Knocked flat by this wonderful musical, I saw stars at the interval, five of them.
People are trying to work out why COMPANY is proving so insanely popular. Theories have ranged from Patti LuPone’s scene-stealing, Mel Giedroyc’s playful comic bravado, to Richard Fleeshman in tiny blue pants, without considering a more obvious possibility. All of the above.
The musical – ambitious book by George Furth, skilful music and lyrics by Stephen Sondheim – is all about marriage and single life. But fifty years on from its Broadway debut – Elliot’s entertaining gender-switch reinvention enables a forensic and meaningful account of the pressures on modern women and female agency. Everything builds to an intriguing investigation of commitment, sexual desire and modern relationships.

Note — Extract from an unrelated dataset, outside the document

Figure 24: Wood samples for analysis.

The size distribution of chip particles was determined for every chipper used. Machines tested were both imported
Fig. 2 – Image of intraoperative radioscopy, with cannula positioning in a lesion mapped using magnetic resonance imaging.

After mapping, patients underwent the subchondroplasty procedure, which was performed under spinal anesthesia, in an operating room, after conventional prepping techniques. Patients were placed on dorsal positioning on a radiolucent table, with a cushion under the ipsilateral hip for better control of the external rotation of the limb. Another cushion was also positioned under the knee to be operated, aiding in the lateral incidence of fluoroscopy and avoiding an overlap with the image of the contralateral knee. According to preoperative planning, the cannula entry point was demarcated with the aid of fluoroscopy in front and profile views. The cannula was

Deeply brilliant Rosalie Craig absolutely nails the hardest role of reinventing Bobbie: a thirty-five-year-old, New York singleton. Craig’s performance is an unqualified success. Truly. She displays all the quick-fire shrewd observations to perfection and, like all great performers, can melt your heart in a flash. And she’s tailored in her vocal powers to the size of the Gieguld Theatre and the ascending glories of her two solo first act belters: ‘Someone Is Waiting’ and ‘Marry Me A Little.’

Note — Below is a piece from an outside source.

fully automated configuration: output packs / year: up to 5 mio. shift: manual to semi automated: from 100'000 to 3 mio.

Patti LuPone – a Broadway legend of undiminished vitality and comic charm – plays cynical friend Joanne with mega-star sass. LuPone’s entrance at ‘Ladies Who Lunch’ is full of smack and billion-dollar relish. Her performance is out and out astounding and her jaded but larger-than-life persona is truly delicious. A dazzle to watch.
Patti LuPone
Elsewhere, Bunny Christie’s chic set is sensational. Lit in it in blue and red neon shades and Alice in Wonderland inspired, it all looks sleek. It’s all the more hypnotising, because clever casting and pure stagecraft is combined with an ability to tug at the heartstrings. This only serves as a reminder of what a great and distinctively talented team is behind this.
In a uniformly strong cast, Richard Fleeshman is hilarious (‘Barcelona’ = joyful) playing chiselled, nice-but-dim flight attendant Andy and Gavin Spokes delivers stirring pathos as Harry – when he sings ‘Sorry Grateful’ I burst into tears, it was kind of shattering. I love theatre that makes me burst into tears. As arrogant hipster PJ, George Blagden is alluring when he sings ‘Another Hundred People’, against a backdrop of two bleak carriages of commuters amid break-out moments of gorgeous movement. Moments later he is wheeled off on a park bench. Fun.
Liam Steel’s choreography is full of precision and shimmer – especially the storming Vaudevillian party game bat-shit craziness of ‘Side by Side’ – the full cast perform this with military precision and it is 100% excellent.
One of the things the show does very, very well – and often with a wry comic touch – is magic. Actual magic; the illusions, by magician Chris Fisher, are executed cunningly, drawing on sleight of hand – it is utterly theatrical. At one point, the female cleric (divine Daisy Maywood), pops up from the floor in a pink neon box, vanishes behind a door, moments later disappears into a fridge.
In ‘Getting Married Today’, originally a bride-to-be (Amy) delivers a nerve-jangling ode to second thoughts and is here invigorated by one frantic half of gay couple Jonathan Bailey. He is the twitchy gay groom Jamie (embodying monotone hysteria). Bailey’s lines are spat out at machine-gun momentum and with bullseye precision – this whole sequence is ingenious and it nearly stops the show.
Marianne Elliott’s superlatively reworked COMPANY never once lets the pace drop. And the results are vibrant; go, just go.
COMPANY is at the Gieguld Theatre until March 30 2019.